The pathophysiology of PD is linked to basal ganglia dysfunction and/or neural networks tied to this system. Unlike the limb effects of PD, however, evidence for pharmaceutical and surgical treatments improving hypokinetic dysarthria has been equivocal, suggesting that speech and voice manifestations of PD are influenced by pathways related to, but outside, the basal ganglia nuclei [3]. The model of PD progression proposed by Braak et al. (2004) suggested that early stage PD is characterized by neuronal impairment in the medulla and pons, including nuclei of the vagus and glossopharyngeal nerves [4]. Sapir (2014) has suggested that this model could explain why hypokinetic dysarthria is not sensitive to dopamine replacement therapy (cranial nerves are influenced by dopaminergic pathways, but do not directly utilize dopamine for neuronal communication) [3]. The muted effect of medication for treating the voice manifestations of PD, specifically the glottal incompetence resulting in low volume which progresses along with the disease, lends support to that position.

The laryngeal dysfunction resulting from hypokinetic dysarthria in PD is manifested by glottal incompetence due to bowing of the vocal folds, in some cases with accompanying atrophy [5]. The perceptual and physiological consequences of this impairment are reduced speech volume and vocal sound intensity, respectively. In theory these changes result from rigidity (Hypertonicity) in respiratory and laryngeal muscles due to the extrapyramidal dysfunction underlying the disease, although alternative theories of hypotonicity have also been presented [69]. In addition, alternative explanations for hypokinetic dysarthria tying voice and speech effects to factors other than rigidity have been proposed. Among these include impaired scaling of vocal effort resulting in the reduced vocal amplitude that is characteristic of speakers with PD [3]. This theory links the basal ganglia mediation of physical effort sense to the reduced vocal effort and subsequent low volume characterizing speech patterns of speakers with PD.

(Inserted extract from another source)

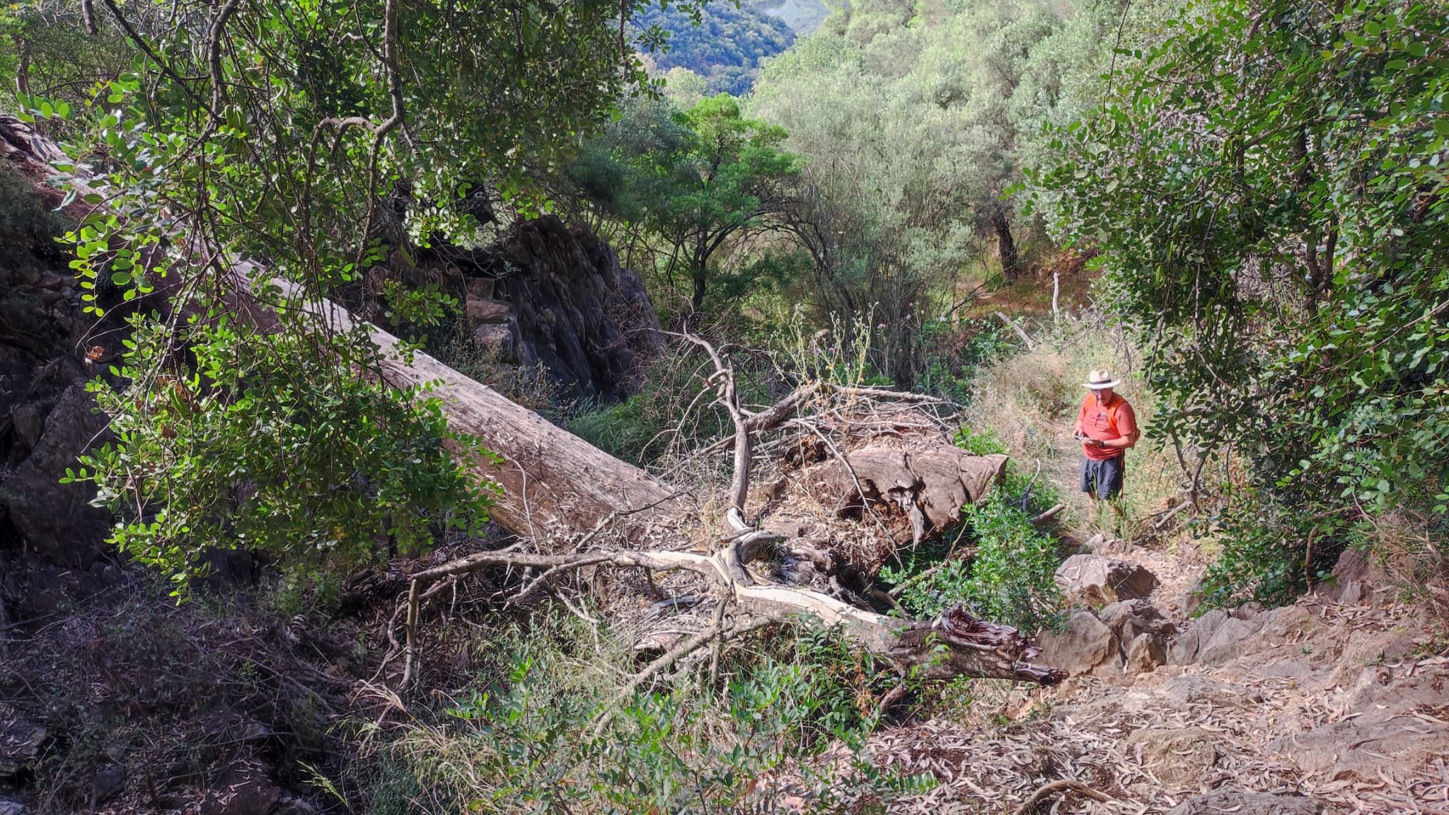 En esta ocasión nos dirigimos a la localidad de Hornachuelos para hacer otro sencillo sendero con nuestro amigo José Antonio. Se trata de una ruta de ida y vuelta que sale directamente desde el centro de Hornachuelos y se adentra en el PN Sierra de Hornachuelos junto al río Bembezar que nos acompañará durante una buena parte del recorrido. La ruta parte desde la carretera que lleva al pueblo de Hornachuelos y transcurre por un camino bien marcado por la ribera derecha del Río Bembezar. Justo enfrente del Bar Alejandro hay unos paneles informativos y las primeras indicaciones para alcanzar el Sendero de los Ángeles. Es un camino de ida y vuelta con muy pocos desniveles y apta para todos los públicos. La subida a la cruz y al seminario está un poco más intrincada pero se salva un desnivel de sólo 100 m, por lo que teniendo en cuenta la distancia (12, 5 km) y el desnivel podemos considerarla una ruta de un nivel moderado bajo.

Bowed vocal folds are a characteristic of some speakers with PD, and surgical correction for the glottal incompetence has primarily involved injection laryngoplasty [10, 11]. Injectable substances are temporary, however, and repeated injections would be required for continuing improvement of glottal closure. Alternatively, a number of voice therapy approaches have demonstrated effective short and long-term outcomes for improving vocal amplitude and perceptual voice quality in populations with PD. A ubiquitous characteristic of voice therapy treatments for glottal incompetence, including those associated with PD, is a focus on high intensity (e.g., large number of repetitions) clinician guided exercise to promote adaptation in muscles and neurological pathways, and increased muscular effort to increase motor unit recruitment and the resulting amplitude of motor activity. These treatments target the issue of underscaling of vocal effort which is ubiquitous in speakers with PD [3].

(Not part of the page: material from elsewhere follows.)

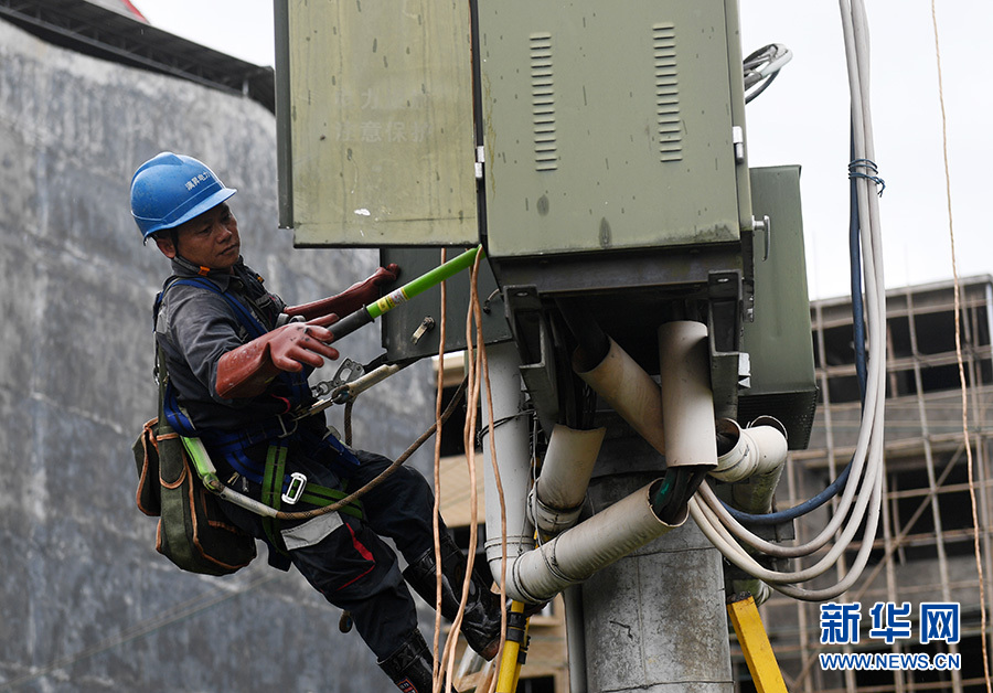 6月9日,在廣西桂林市永福縣堡里鎮,供電部門工作人員在搶修損壞的供電設備。? 新華社記者 陸波岸 攝(資料圖)

A well-known evidence-based approach for treating the respiratory and laryngeal impairments in PD is the Lee-Silverman Voice Treatment (LSVT), now known as LSVT LOUD®. This structured intervention targets vocal effort scaling through increased vocal loudness via intensive, high effort vocalization and speech exercises designed to transfer to activities of daily living by improving neuromotor abilities and recalibrating the patients’ perception of effort during speech production [12]. LSVT utilizes a singular target and cueing strategy of “think loud” with the aim of facilitating neuromotor adaptation during speech production so that the elevated level of effort and resulting increased amplitude of motor activity becomes automatic and is perceived as natural by the patient. A number of modifications to the traditional LSVT method (16 treatment sessions over 4 consecutive weeks) have been described, including the employment of distance technologies and reduced frequency of sessions (e.g., 2× per week over 8 weeks), with similar reported treatment outcomes [13, 14]. Interestingly, the focus on increasing the amplitude of motor activity during LSVT has also been shown to improve articulation and swallowing abilities in some patients, reportedly due to carry-over effects in neuromotor abilities associated with structures and pathways tangentially trained in the LSVT exercises [1517].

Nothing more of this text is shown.